[Exercise material]

Segment Open

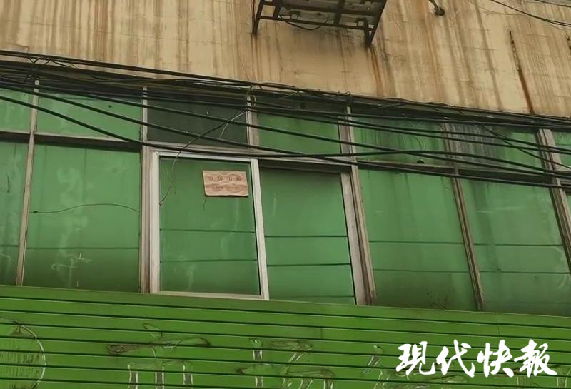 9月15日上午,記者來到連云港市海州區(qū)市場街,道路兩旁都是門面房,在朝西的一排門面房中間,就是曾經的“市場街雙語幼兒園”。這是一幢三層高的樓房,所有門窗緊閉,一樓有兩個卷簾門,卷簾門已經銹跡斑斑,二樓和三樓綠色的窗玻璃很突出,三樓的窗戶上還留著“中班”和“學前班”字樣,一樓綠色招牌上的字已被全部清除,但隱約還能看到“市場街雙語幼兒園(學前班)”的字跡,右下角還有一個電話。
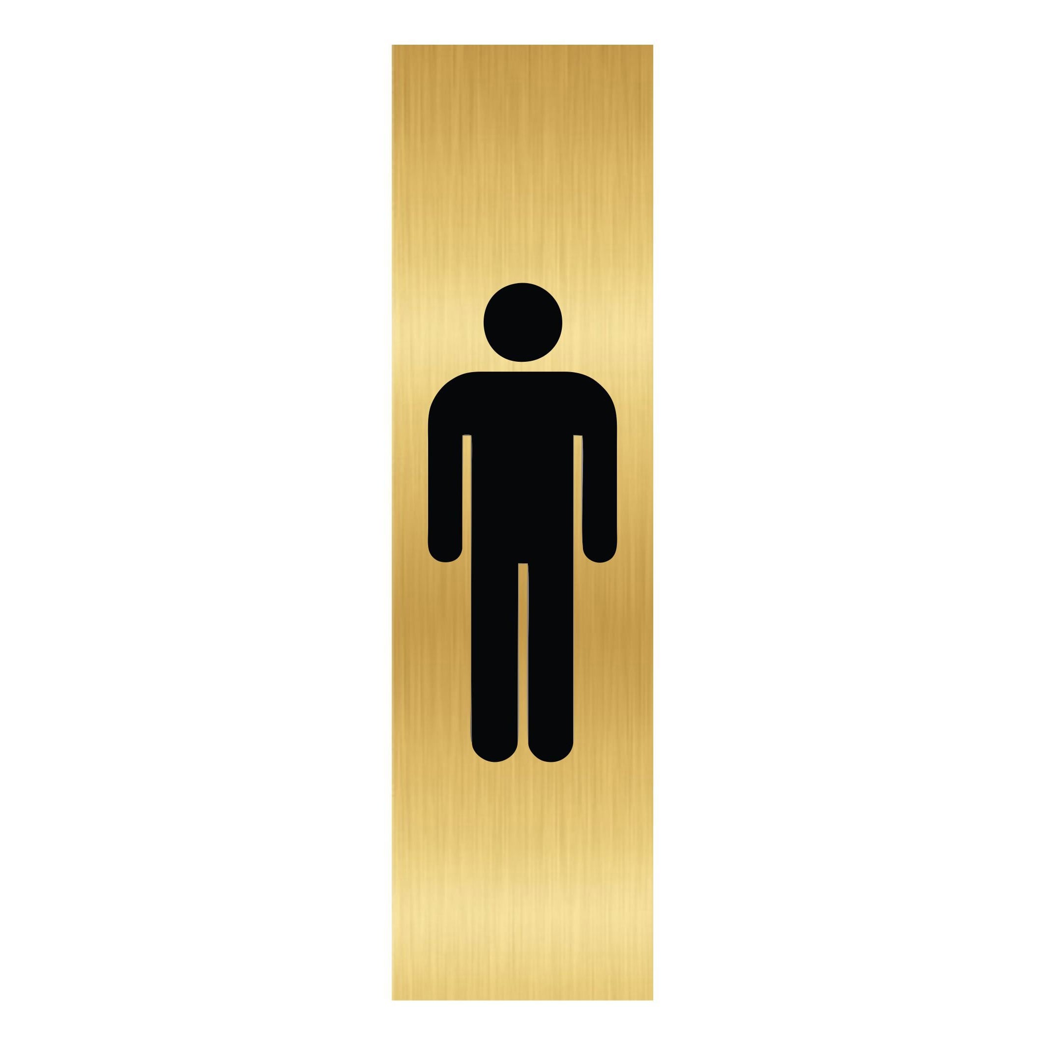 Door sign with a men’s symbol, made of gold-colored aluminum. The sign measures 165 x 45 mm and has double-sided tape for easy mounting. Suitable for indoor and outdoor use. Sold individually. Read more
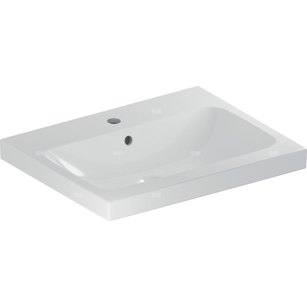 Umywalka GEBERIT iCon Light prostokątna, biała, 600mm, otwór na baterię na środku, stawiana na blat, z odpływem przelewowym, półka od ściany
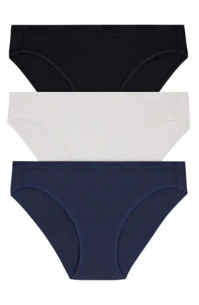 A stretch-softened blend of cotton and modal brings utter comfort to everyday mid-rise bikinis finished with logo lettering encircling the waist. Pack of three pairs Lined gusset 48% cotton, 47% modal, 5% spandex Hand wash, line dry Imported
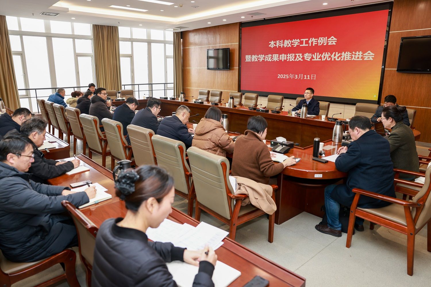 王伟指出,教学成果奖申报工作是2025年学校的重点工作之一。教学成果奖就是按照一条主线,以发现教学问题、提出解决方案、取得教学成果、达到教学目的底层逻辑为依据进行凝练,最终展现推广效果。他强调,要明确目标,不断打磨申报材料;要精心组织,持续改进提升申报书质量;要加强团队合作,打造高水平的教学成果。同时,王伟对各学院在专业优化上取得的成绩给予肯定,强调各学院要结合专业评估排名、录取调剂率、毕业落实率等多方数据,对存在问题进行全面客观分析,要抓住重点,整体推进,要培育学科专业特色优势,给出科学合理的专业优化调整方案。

Segment Closed
Segment Open

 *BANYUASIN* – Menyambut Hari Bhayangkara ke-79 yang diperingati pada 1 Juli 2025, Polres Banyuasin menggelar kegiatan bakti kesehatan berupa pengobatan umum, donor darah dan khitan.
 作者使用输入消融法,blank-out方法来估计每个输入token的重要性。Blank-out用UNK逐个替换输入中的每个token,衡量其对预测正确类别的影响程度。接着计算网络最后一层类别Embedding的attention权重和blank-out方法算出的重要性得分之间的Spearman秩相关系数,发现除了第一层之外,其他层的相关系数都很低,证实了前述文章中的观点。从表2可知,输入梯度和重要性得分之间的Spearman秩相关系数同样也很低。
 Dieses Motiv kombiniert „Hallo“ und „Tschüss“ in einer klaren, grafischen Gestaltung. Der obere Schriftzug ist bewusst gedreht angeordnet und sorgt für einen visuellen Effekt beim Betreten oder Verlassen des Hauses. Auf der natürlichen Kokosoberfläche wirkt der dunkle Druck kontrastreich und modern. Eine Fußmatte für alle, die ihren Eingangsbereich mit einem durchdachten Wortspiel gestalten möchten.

Segment Closed
Segment Open

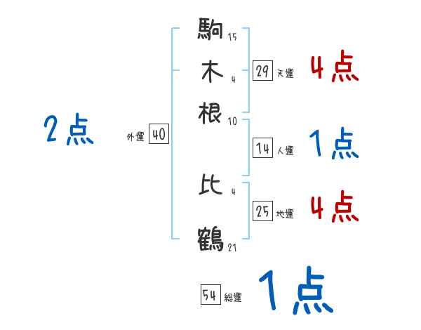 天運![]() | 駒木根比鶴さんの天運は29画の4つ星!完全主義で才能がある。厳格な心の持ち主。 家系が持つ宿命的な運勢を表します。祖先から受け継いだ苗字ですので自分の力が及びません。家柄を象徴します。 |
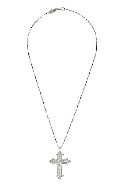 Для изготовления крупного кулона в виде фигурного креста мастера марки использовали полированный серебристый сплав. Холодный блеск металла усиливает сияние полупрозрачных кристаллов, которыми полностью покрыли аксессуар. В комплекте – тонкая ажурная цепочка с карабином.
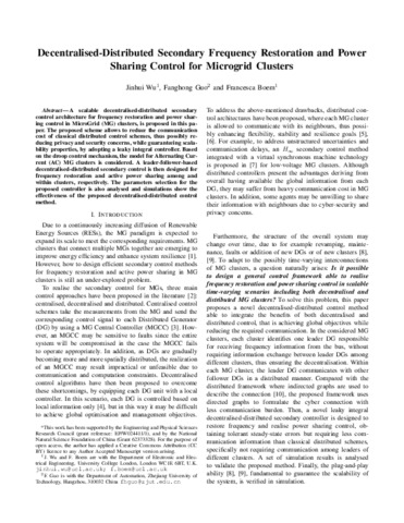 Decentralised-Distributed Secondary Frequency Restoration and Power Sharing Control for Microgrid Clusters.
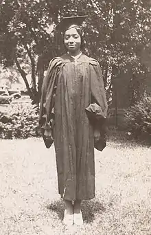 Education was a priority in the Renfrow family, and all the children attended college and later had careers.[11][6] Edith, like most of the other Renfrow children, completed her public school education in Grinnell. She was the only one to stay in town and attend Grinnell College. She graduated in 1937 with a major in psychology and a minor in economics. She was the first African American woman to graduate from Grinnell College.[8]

Segment Closed

[What you are asked to do] Using the data above, print only the lines starting at the one with "Для изготовления крупного" and ending at the one with "Education was a", exactly as they stand, minus the pictures.

[Output of the exercise]
 Для изготовления крупного кулона в виде фигурного креста мастера марки использовали полированный серебристый сплав. Холодный блеск металла усиливает сияние полупрозрачных кристаллов, которыми полностью покрыли аксессуар. В комплекте – тонкая ажурная цепочка с карабином.
 Decentralised-Distributed Secondary Frequency Restoration and Power Sharing Control for Microgrid Clusters.
 Education was a priority in the Renfrow family, and all the children attended college and later had careers.[11][6] Edith, like most of the other Renfrow children, completed her public school education in Grinnell. She was the only one to stay in town and attend Grinnell College. She graduated in 1937 with a major in psychology and a minor in economics. She was the first African American woman to graduate from Grinnell College.[8]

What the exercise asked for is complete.